Sommaire
Le fabricant de cocottes en fonte émaillée Le Creuset a été récemment rappelé à l’ordre par les autorités pour des rejets excessifs de cadmium. Ce métal lourd, classé comme cancérigène, a été détecté à des niveaux supérieurs aux normes en vigueur dans les eaux usées de son usine historique située à Fresnoy-le-Grand, dans l’Aisne.

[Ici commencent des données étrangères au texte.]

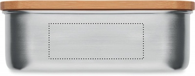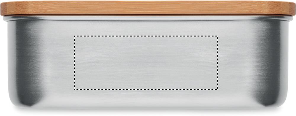 Stainless Steel lunch box with bamboo lid and 2 cutlery utensils with attachable polyester band. Capacity 600ml. Bamboo is a natural product, there may be slight variations in colour and size per item, which can affect the final decoration outcome.

Des dépassements répétés en 2025
Selon un arrêté préfectoral pris en février, la station d’épuration industrielle de la fonderie a enregistré sept dépassements des seuils autorisés entre février et octobre 2025. L’un de ces épisodes, survenu en septembre 2025, présentait une concentration de cadmium deux fois supérieure à la limite légale.
C’est la première fois qu’une telle procédure d’urgence vise ce site de production. Suite à une inspection menée fin 2025, la direction de l’entreprise a collaboré avec les services de l’État pour corriger la situation. Le Creuset a notamment stoppé le déversement de poussières fines dans ses eaux usées et instauré un système de traçabilité renforcé depuis le début de l’année 2026.
Précisions sur l’usage du cadmium
L’entreprise précise que le cadmium est utilisé exclusivement dans les pigments de l’émail extérieur pour certaines couleurs spécifiques, afin de préserver leur éclat lors des cuissons à haute température. Le groupe assure que ce métal est encapsulé dans la structure vitreuse de l’émail et n’entre jamais en contact avec les aliments, la composition de l’émail intérieur étant différente.
Par ailleurs, le fabricant souligne que les boues issues du traitement de ses eaux industrielles ne sont jamais utilisées pour l’épandage sur des terres agricoles. Elles sont systématiquement prises en charge par des prestataires spécialisés et agréés pour leur traitement.
Un enjeu de santé publique
Cette mise en demeure intervient dans un contexte de surveillance accrue des métaux lourds en France. Un rapport de l’Anses publié en mars 2026 indique que près de la moitié de la population française présente une exposition au cadmium supérieure aux valeurs sanitaires de référence. Si l’alimentation reste la source principale d’exposition via les sols et les fertilisants, la maîtrise des rejets industriels demeure un enjeu environnemental majeur.